# craigslist rat needs help



## heymoon (Jan 16, 2012)

Found this add on craigslist, 
"I'm trying to find an albino rat a good home. He was supposed to be a feeder rat but the other rats were beating him up a lot. He looks like he has some skin issues, he's missing some fur on his back and part of his ear is missing. I just don't want him to go through being eaten by a snake after everything he's been through. He has a very good temperament. I don't have a cage or anything to give, just some shredded paper for bedding if you want."

I can't take him due to lack of space, hope someone can. I would help out in any way possible. Located in Eden , western NY
https://buffalo.craigslist.org/pet/4745572993.html


----------



## Hey-Fay (Jul 8, 2013)

Is there any way you could take him in temporarily then surrender him to a humane shelter or rehome him?


----------



## MinorRobot (Aug 13, 2014)

A quick google search turned up this animal rescue: http://heartforanimals.org/contactus.php3 which is in Hamburg and according to google on 10 minutes from Eden. They say they don't take rehomes, only animals that have no safe place (strays or shelter overflow). Not sure if this rat qualifies, but it might be worth getting in touch with them?

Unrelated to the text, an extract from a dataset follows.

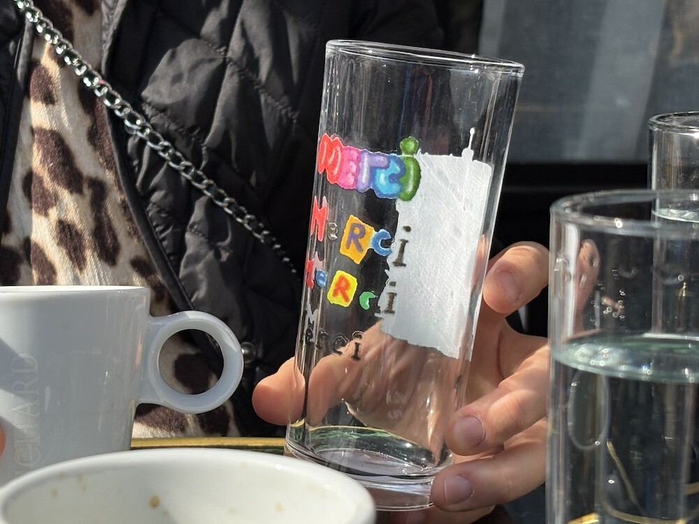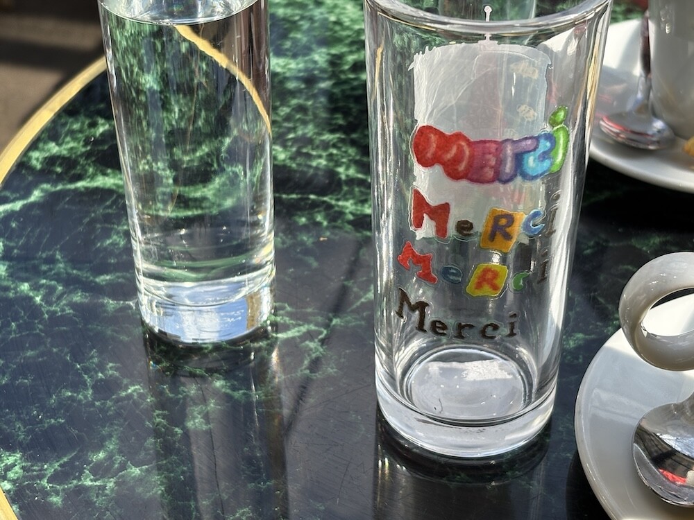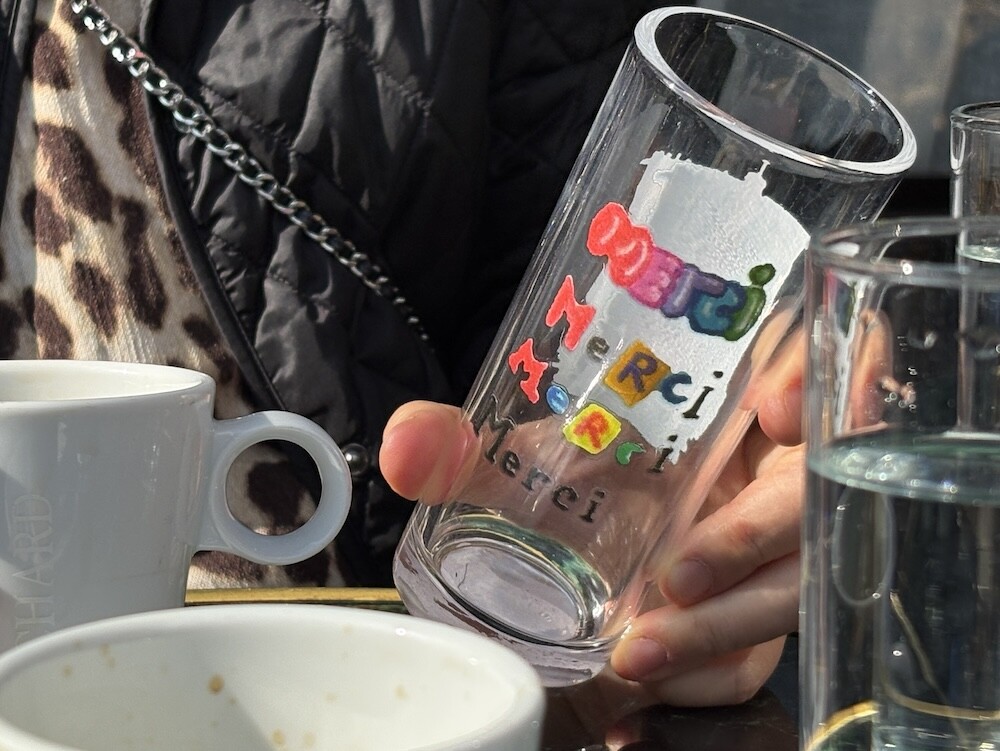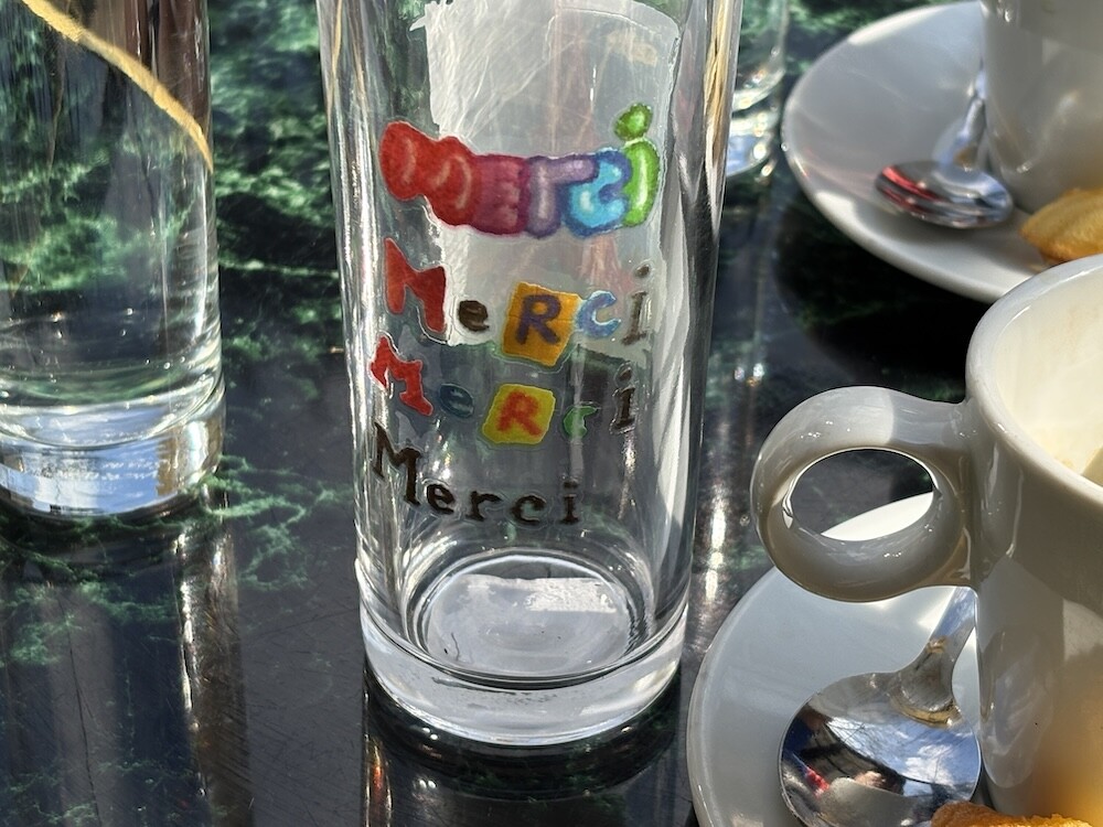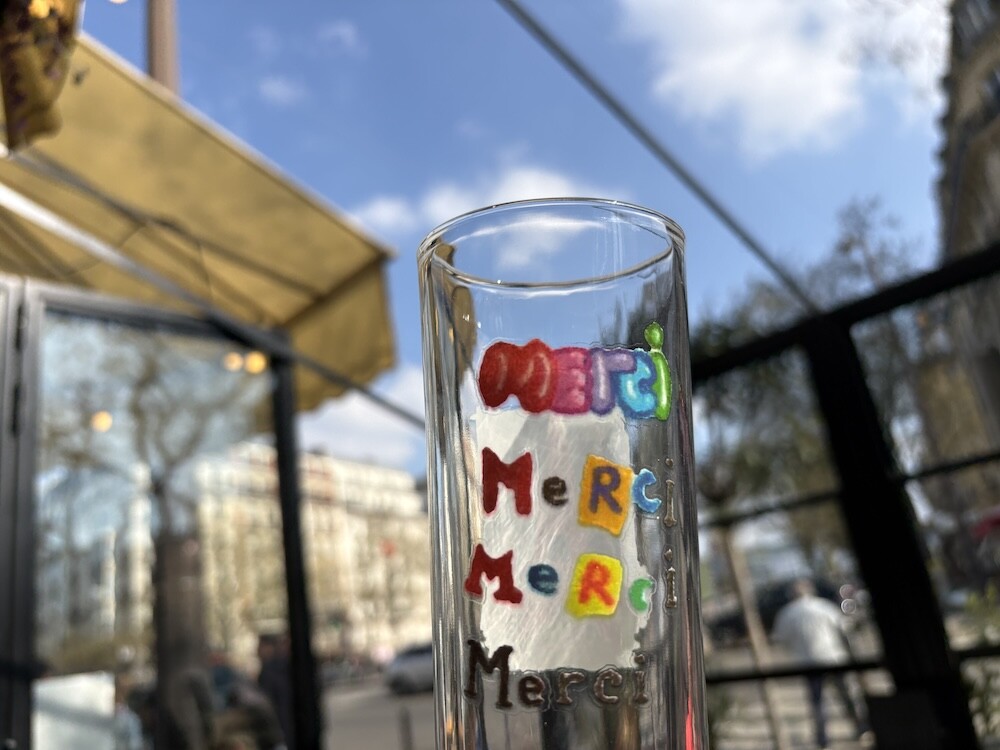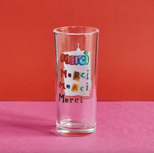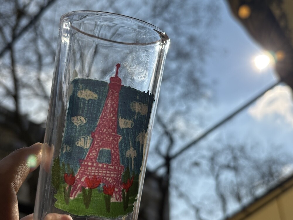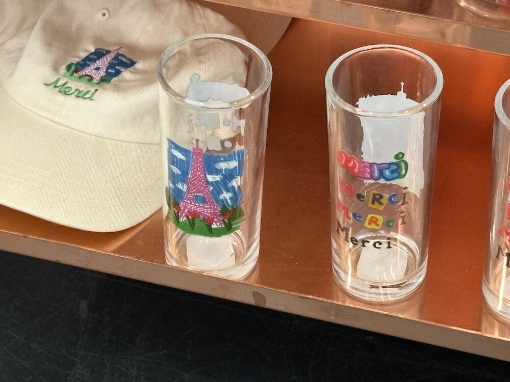 앞쪽에는 에펠탑 그림이, 뒤쪽에는 메르시 Merci라고 써진 다양한 글씨들이 그려져 있어요. 앞뒷면 그림이 달라서 두 가지 느낌으로 사용할 수 있는 것도 좋네요. 두툼한 유리라 튼튼하게 오래오래 사용하실 수 있으실 거예요.

Here's two other rescues, both in Buffalo (which Google suggested was close, so hopefully that's right)
Small Pets Big Hearts:
https://www.facebook.com/pages/Small-Pets-Big-Hearts-Inc/100511080018197
http://www.smallpets-bighearts.org/

and Silly Little Rodent Rescue:
https://www.facebook.com/SillyLittleRodentsRescueWNY/info


Hope this helps!


----------



## heymoon (Jan 16, 2012)

I just rescued another snake so sadly I can't take him. I'm trying to contact the local rodent rescues to see if they will take him


----------